Sejuwal talks as she walks around her lawn below walnut trees. There is a whiff of spring in the air, although temperature at night is still below freezing in this town located at 2,500m elevation.

Jumla is the hub for the region’s biggest technical school that provides vocational education, while another high school in the municipality, where Sejuwal used to be the principal, sprawls at the heart of town.

“There’s a lot more that needs to be done,” says Deputy Mayor Mahat. While her brothers went to more expensive private schools, Mahat’s parents sent her to a government school. "The situation hasn’t changed. Parents still prefer private schools for boys,” she says.

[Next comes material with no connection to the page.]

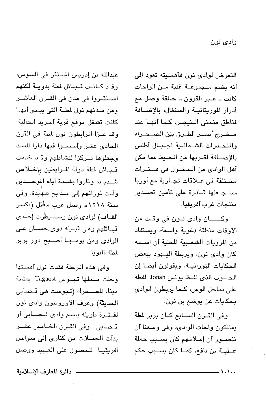 التعرض لوادى نون فأهميته تعود إلى أنه يضم مجموعة غنية من الواحات كانت -عبر القرون- حلقة وصل مع أدرار الموريتانية والسنغال، بالإضافة لمناطق منحنى النيجر، كما أنها عند مخرج أيسر الطرق بين الصحراء والمنحدرات الشمالية لجبال أطلس بالإضافة لقربها من المحيط مما مكن أهل الوادى من الدخول فى فترات مختلفة فى علاقات تجارية مع أوربا مما جعلها قادرة على تأمين تصدير منتجات غرب أفريقيا.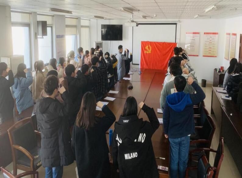 宣誓仪式在激昂的《国际歌》中拉开帷幕。在预备党员常延旭同志的带领下,全体党员紧握右拳,面向鲜红的党旗铿锵有力地宣读入党誓词,表达了全体党员对党的忠诚以及为共产主义事业奋斗终身的决心。

Since assuming office, Mahat launched a survey of government schools to ensure the incentives of free textbooks and lunch were effective, and supported enrolment.

“The number of students has actually gone up since we started regular surveys,” says Mahat, but there is a budget constraint.

Lack of resources is also affecting expansion of the airport, and other infrastructure upgrades. Sejuwal’s dream project is to build a Ring Road to link remote settlements to the market in town and turn Jumla into a “smart city”.

“For me, a smart city is more about the consciousness to serve the people in need. It is about providing quality service to citizens, which requires every government worker to complete their duty,” Seujwal adds.

Some recent infrastructure development projects like the irrigation canals, and distribution of free seeds to single women farmers, have raised incomes. Under the Mayor Employment Program, there is technical training in machinery maintenance, skills development in dairy products, weaving Dhaka, making potato chips and apple jam.

Together, the mayor and her deputy have been working as a bridge to make local women independent and vocal, through interactions on Women's Rights, Domestic Violence, Political leadership.

Sejuwal believes that the best thing about having women in leadership positions is that it provides other women access. "I remember the time when I used to wait for CDOs at the gate, but now a woman in my municipality can come to me directly and talk to me. This has brought involvement and opportunity, as they are open to sharing their problems because they trust us.”